Outside of the football team or it's fans, I've never heard someone make the proclamation, "I am a saint." Even for the most conceited people on the planet, the saint identity is something that is hallowed ground--something reserved for people who are really dead or really good in our eyes. Saints are often people who accomplish deeds for the good of the world that seem so far out of our own comfort zones or realm of possibility that they are given a name that is officially given looking at an entire body of work by people wearing large, shimmery and pointy hats. Saint is a title that drifts on the continuum to a distant form of other. Not me. Not how I act. Not something I could do.
Saints are sent people. They trust in what God can do, and not necessarily in their own abilities. They may believe in what God is given them--but a saint is someone who can't separate their gifts and talents from God. Because saints are sent people, we receive our trust in God in Christ through our relationship with other saints. Their example makes a difference.
My father quit his job and sacrificed his earning power so that my brothers and I could have a better family life where we knew our parents. That act seemed so far away from me when I was young, even as a young adult--there was no way I thought I could ever do anything like that. But it mattered. A few years ago, my wife and I decided that it would be easier for me to stay home with our two daughters because as an interim pastor, when the time was right, I could transition into a ministry position easier than she could. My girls needed a little more stability in their lives, and for 2 years, I was able to give that to them. It wasn't that much of a leap for me, my Mother and Father as saints made by Christ's claim on their lives gave me an example of what it meant to be a saint. They were shown what it means to trust God in the life of a saint because they were touched by saints in their lives: friends who invited them to church, a congregation who lifted us up when we were down.

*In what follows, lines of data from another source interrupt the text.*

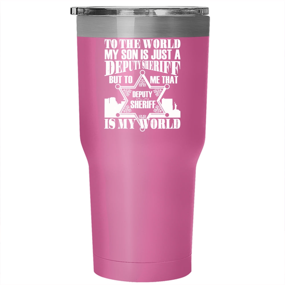 My Son Is Just A Deputy Sheriff Tumbler 30 oz Stainless Steel, That Deputy Sheriff Is My World Travel Mug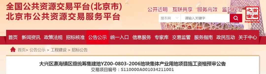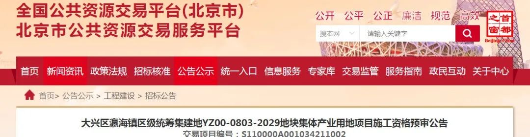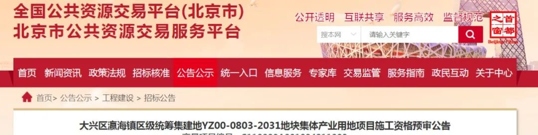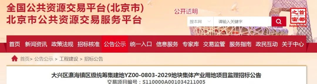 近日,小兴在市公共资源交易服务平台看到大兴区瀛海镇区级统筹集建地YZ00-0803-2029地块集体产业用地项目、大兴区瀛海镇区级统筹集建地YZ00-0803-2006地块集体产业用地项目、大兴区瀛海镇区级统筹集建地YZ00-0803-2031地块集体产业用地项目的施工及监理招标公告!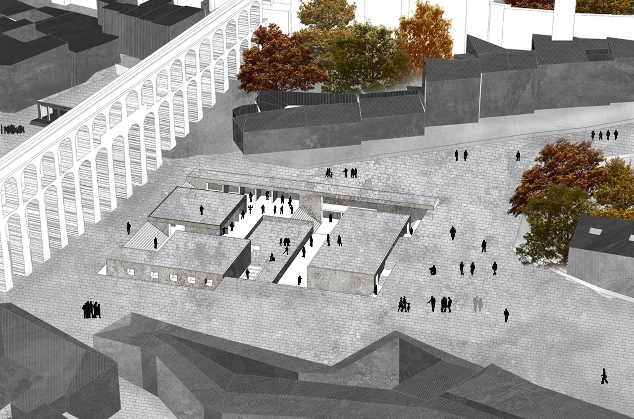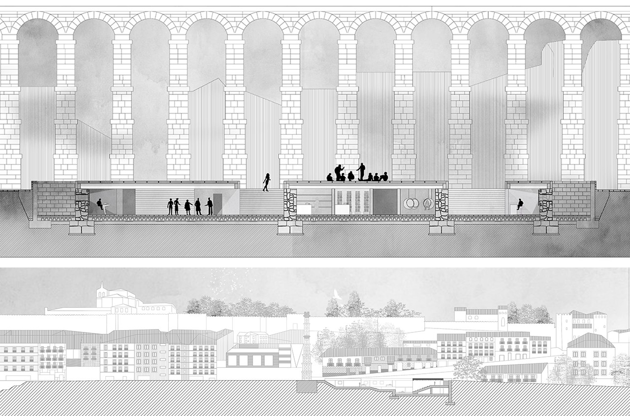 The second project, a space for reception and events, is located in the Segovia aqueduct. It is proposed to act in the Plaza de Oriente, where the aqueduct reaches its maximum height. an element of union is created between the part of the dense and consolidated city and the part in which the void is the protagonist. To do this, we excavated a plane on which the aqueduct rests and a route is created in such a way that the aqueduct can be viewed from different perspectives. The first space dedicated to fairs that has a series of stalls and a grandstand where interactive events are held.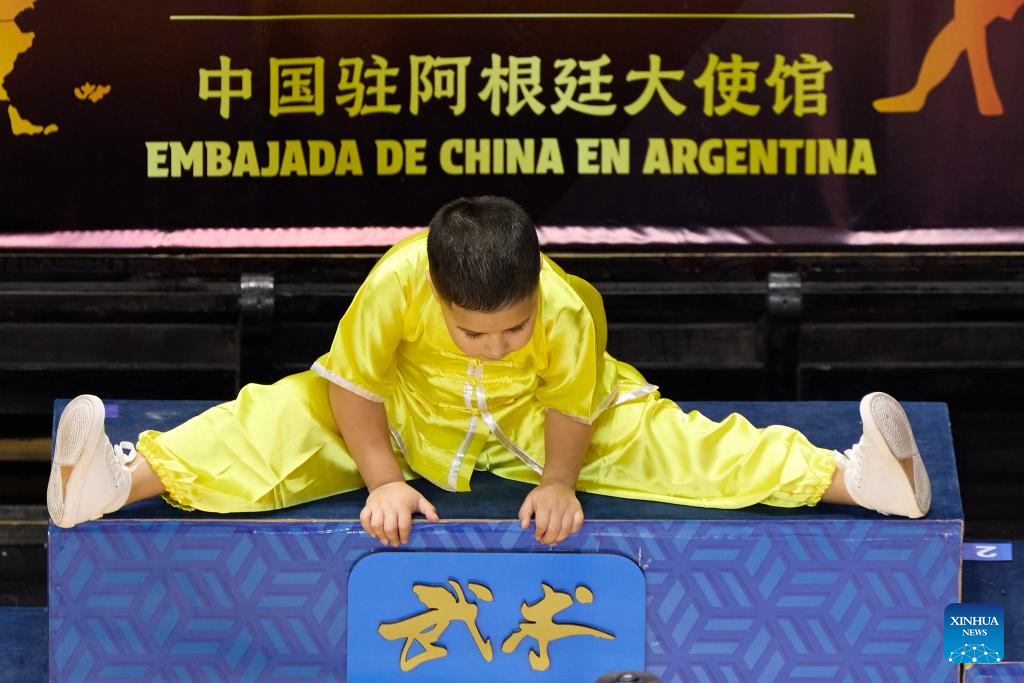 Young athletes perform during the National Wushu Championships of Argentina in Buenos Aires, Argentina, on June 15, 2025. (Xinhua/Meng Dingbo)

The stories being shared about ministry at First Lutheran Community Church are stories of saints. I don't imagine that one of these people sharing their story would call themselves a saint. But their stories reveal as trust in God in the way that they live and act in their life. Recognizing and acting on the presence of God is not their own doing--it is the power of the Holy Spirit that acts through each of us and makes us a saint. Through Christ's claim on our lives and the power of the Holy Spirit, we are able to live as saints in the world, regardless of whether we would make that claim ourselves. The saints of God have been unleashed in this congregation and the community.
Unleashing the saints.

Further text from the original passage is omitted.